Defenders would have already planned on where to go in case of a fighting withdrawl. While you CAN say that a defender would engage only if forces were roughly equal, you also have to allow for the human condition of a commander thinking he's seeing a window of opportunity or something along those lines. It's how command works in reality - the local commander will make decisions based on his standing orders as well as his analysis of the situation in front of him. Heck, some might go blindly charging into terrible odds because they have to die for the Imperium or something silly like that.

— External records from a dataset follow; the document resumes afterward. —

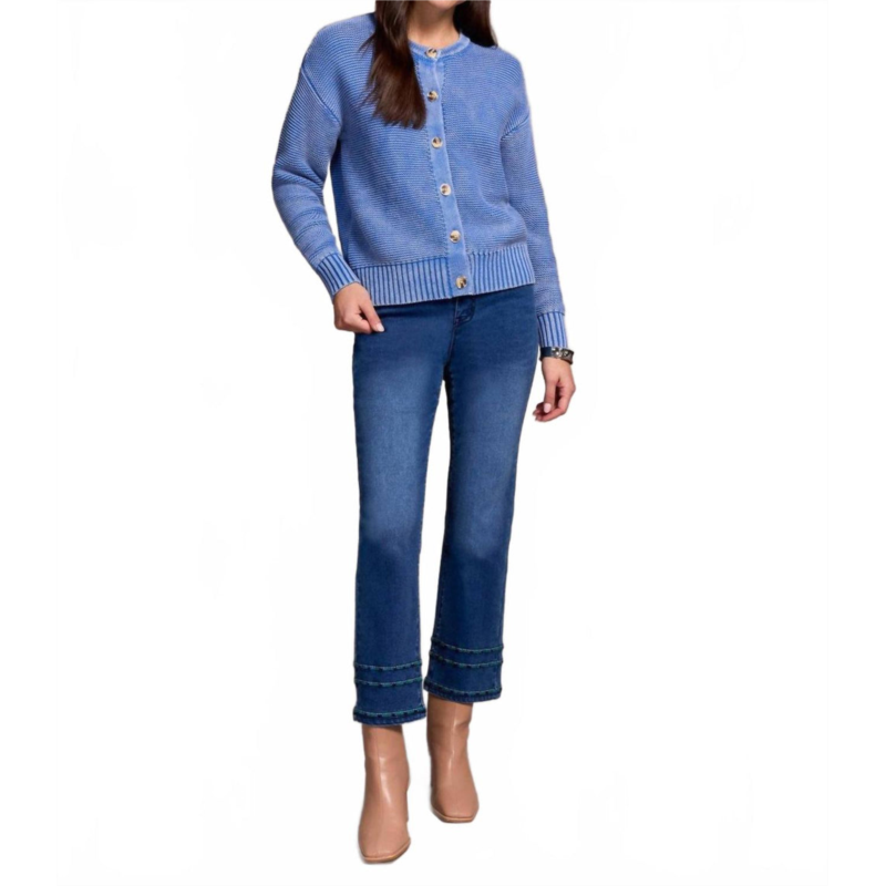A classic fit that works just as good buttoned as it does left open.Introducing the Button Front Cardigan by TRIBAL, a sophisticated addition to your fall wardrobe in an eye-catching Ultra Blue. This long-sleeve cardigan is crafted from breathable cotton yarn, ensuring both comfort and style with its textured pattern and classic button closure. The piece is elevated with luxurious tortoise button details and a vintage finish. Care instructions - machine wash for effortless maintenance.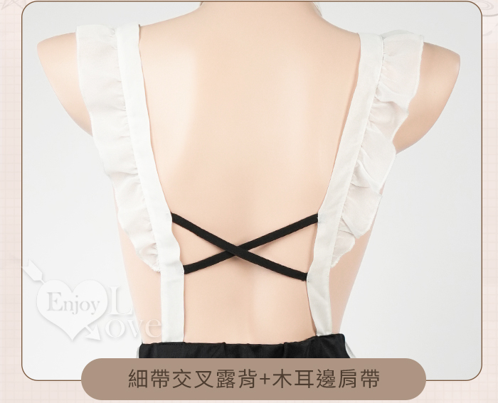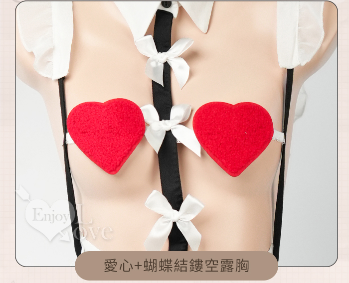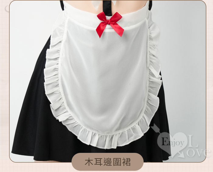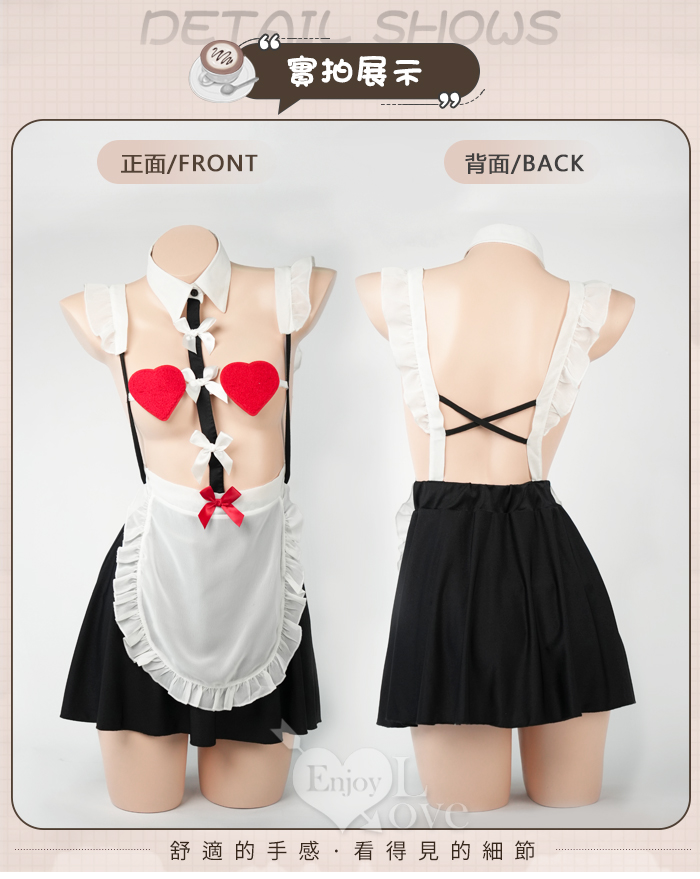 | 女僕角色扮演服!愛心美胸木耳花邊圍裙性感露背四件式套裝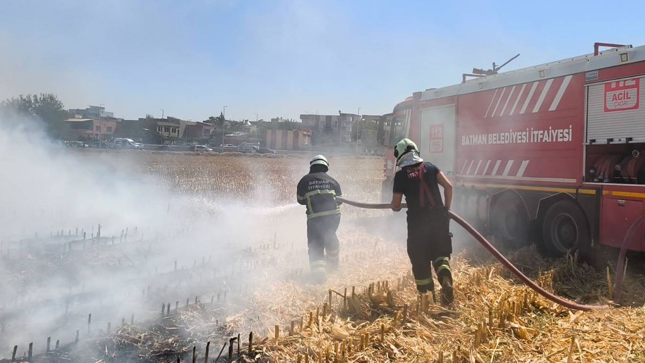 Batman Merkez Huzur Mahallesi 562. Sokak'ta bulunan biçilmiş bir mısır tarlasında, henüz bilinmeyen bir nedenle yangın çıktı.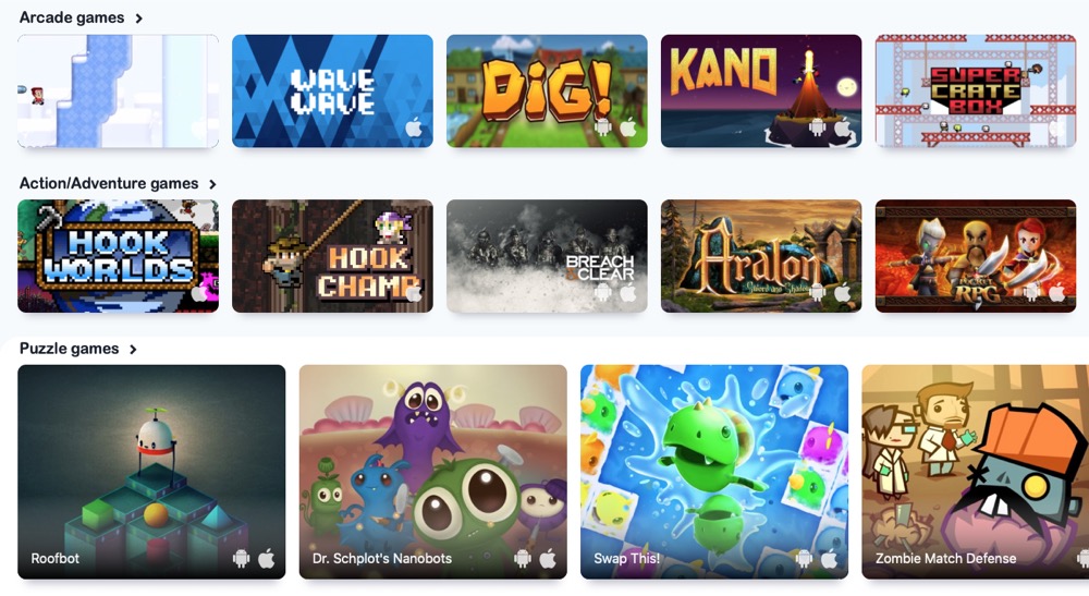 Unter iOS gibt es bei GameClub beispielsweise Spiele wie Plunderland, den Retro-Arcade-Platformer Super Crate Box, das Adventure-Game Aralon, das Puzzle The Heist, die Simulation Flick Fishing Redux oder das RPG Monster Wars. Eine komplette Liste aller Titel für iOS findet sich auf der Website der Entwickler.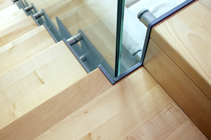 Samostoječe stopnišče z nosilno konstrukcijo iz barvanega jekla. Nastopne ploskve so iz javorovega lesa. Ograja iz kaljenega lepljenega stekla 6 + 6 mm.

You'd also have to set up nodal command points and plot out, for each fleet, what they were to do for X turns before information could flow back to the command staff and they could make a decision and get the commands back to the fleets. Pincer movements taking advantage of new information can easily blow up in your face if the enemy retreats or reinforces a location and changes the expected odds, not to mention you could waste weeks of preparation by emerging in a system w/o any real enemy presence to crush.
Most people really don't get the communication lag concept today since we really don't have it. There is a Starfire novel called Insurrection where the information about an insurrection on the frontier first shows up back on Terra. As usual someone says "we'll crush them with XX", and then someone points out that the information is already 4 months old. So there's gonna be a lot of random rolling and commanders will say "let's reinforce XX fleet" and that part of the line of battle gets reinforcements which may, or may not, turn the tide of battle.
Your attacker is obviously going to have it easier in planning, as they will set out their goals in advance with plans for fleets to link up or reduce nodal fleets/planets. Defenders have to react w/o much planning and fall back along pre-determined routes - but as defenders they typically enjoy certain advantages as well. Like all battles, eventually the success of the attacker means their lines of communication and supply get extended and the defenders get shorter, so things can easily flip at certain battles.
I think because you have so much randomness tossed in a strategic war of this kind is not very fun. If you played some of the early computer games like SSI's Star Fleet game (i forget the name), but you plotted out 32 impulses of play, and you put in about when you expected to fire your weapons, which meant you were looking into the crystal ball thinking where the enemy is going to be in XX turns. At the end you got to see where your ship was in relation to the enemy and then you repeated it. It wasn't a very fun game, though it was a closer simulator of having to think ahead and make decisions like you are wanting to do for your FFW game.